In order to reduce your investment risks, it’s crucial to diversify. Don’t put all the eggs in the same basket. Here are 3 tips on diversification.
Diversification Helps You Sleep Better
Study shows in the long run, stocks perform much better than bonds. So why not invest 100% of your money in stocks? Don’t do that unless you can tolerate the up-and-down of the stock market. The stock market crashes from time to time, you might lose 50% of your stock investment in a day, will you still be able to sleep if that happens? Diversifying your investment will help you go through these up and downs easily.
Too Much Diversification Is Ineffective
Sure, diversification is good. How about 10% stocks, 10% bonds, 10% gold, 10% crypto,…? How about buying 30 different companies’ stocks? Too much diversification is also not good, because 1) you will likely incur more transaction and management fees, 2) you have a lot more things to manage, and 3) some of these investments correlate and go down together (e.g.
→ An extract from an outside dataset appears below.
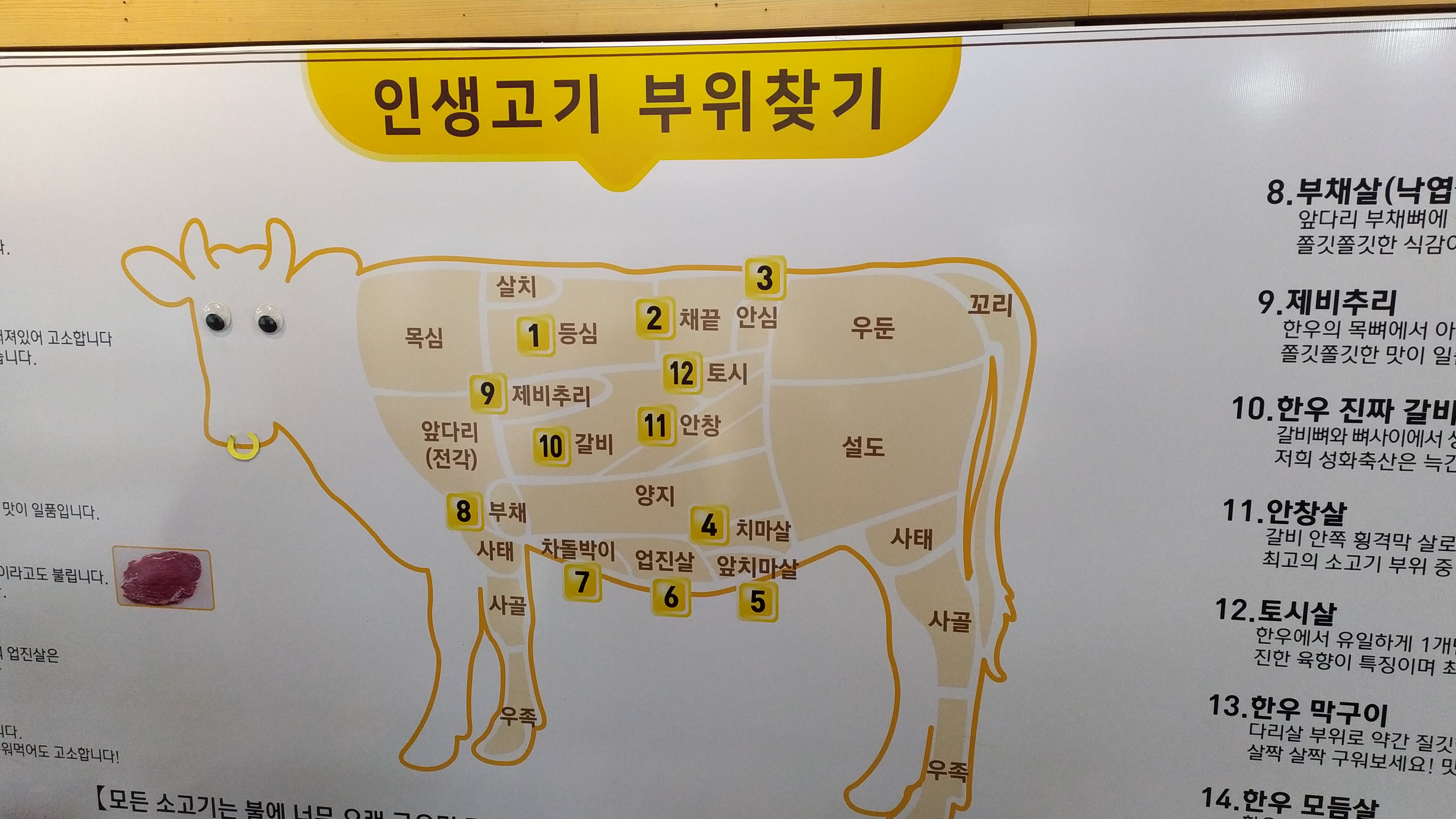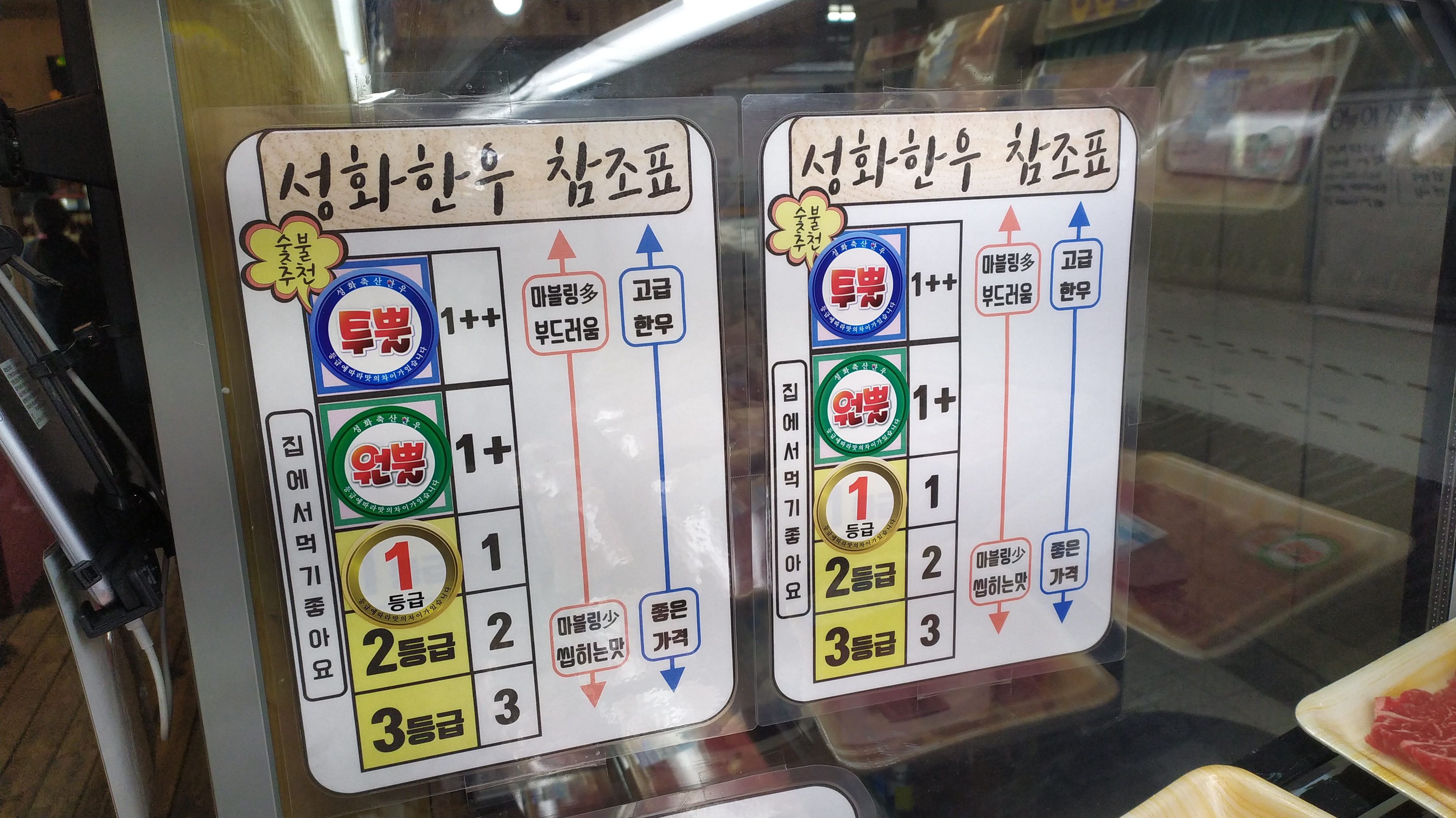 손님들을 위한 고기참조표도 알기쉽게 설명되어 있어 고기 선택시 결정장애를 해결해 줍니다.

Stocks and crypto prices might drop together). So pick 2 to 3 asset classes and diversify appropriately.
Diversify Asset Class, Geography, and Currency
When people talk about diversification, most of the time they refer to diversified asset classes (e.g. Stocks and bonds). However, you should also pay attention to things like geography (e.g. Are all your stocks US companies? What if the US economy is not doing good for the next 10 years?), please consider index funds with exposure to European markets, emerging markets, etc. In addition, don’t forget currency too. Is your investment all in USD? Or SGD? Or HKD? What if USD goes weaker?